#### [DATA SHOWN]
---+---

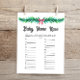 Christmas Baby Name Race Baby Shower Game Card
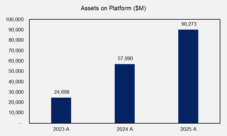 Assets on platform exceed $600bn by 2030, supported by strong crypto market growth and meaningful gains in institutional market share. Monetization rises to ~36 bps, driven by higher activity per asset and broader adoption of prime, settlement, staking, subscriptions, and stablecoin services.
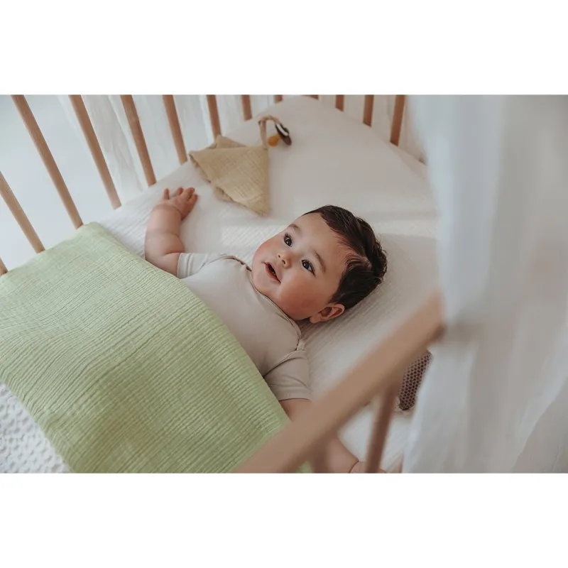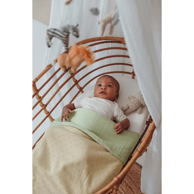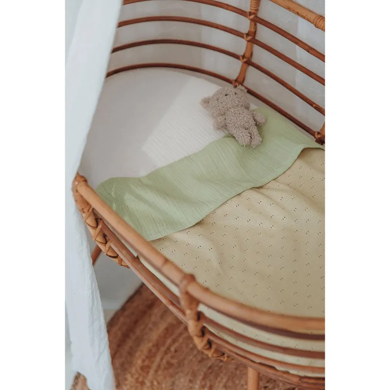"Con esta sábana de muselina prelavada de Meyco Baby, tu bebé dormirá cómodo y fresquito. Está confeccionada en 100% algodón, lo que la hace muy suave, transpirable y con gran capacidad de absorción. Gracias al tejido de muselina, es ideal para los días y noches más cálidos. Y además… ¡también puedes usarla como manta ligera! Colores y tamaños disponibles La sábana está disponible en varios colores que combinan perfectamente con el resto de la colección Meyco Baby y con la decoración de cualquier habitación infantil. Está disponible en dos tamaños: 75x100 cm: ideal para cuna o cochecito 100x150 cm: para cama de cuna Se utiliza debajo de la manta, aunque en verano también puedes usarla sola. Ventajas de un vistazo Disponible en dos medidas: para cuna o cochecito, y para cama de cuna Varios colores a elegir Perfecta para combinar con las mantas Meyco Baby Confort térmico gracias al algodón de muselina prelavado También puede utilizarse como manta ligera en verano Consejos para conservarla como nueva No uses demasiado detergente (mejor para el tejido y el medio ambiente) Lavable a máquina hasta 40 ºC Puede plancharse a temperatura media-alta Apta para secadora, aunque se mantiene suave si se seca al aire "
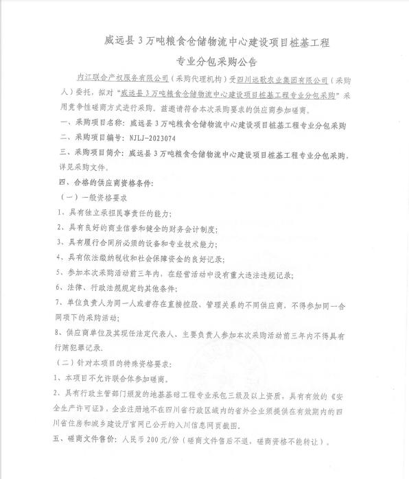 威遠(yuǎn)縣3萬噸糧食倉儲(chǔ)物流中心建設(shè)項(xiàng)目樁基工程專業(yè)分包采購公告
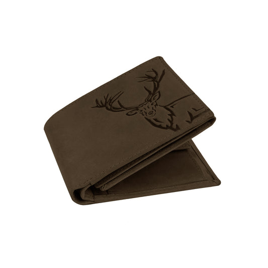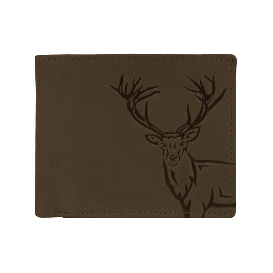 OMAX Brown Elk Embossed Design Genuine Leather Mens Wallet with Free Rakhi for Brother RBFW253

---+---

#### [TO DO]
Copy nothing but the lines from the top of the material through the line holding "Assets on platform", exactly as written; omit pictures.

#### [RESULT OF THE EXERCISE]
 Christmas Baby Name Race Baby Shower Game Card
 Assets on platform exceed $600bn by 2030, supported by strong crypto market growth and meaningful gains in institutional market share. Monetization rises to ~36 bps, driven by higher activity per asset and broader adoption of prime, settlement, staking, subscriptions, and stablecoin services.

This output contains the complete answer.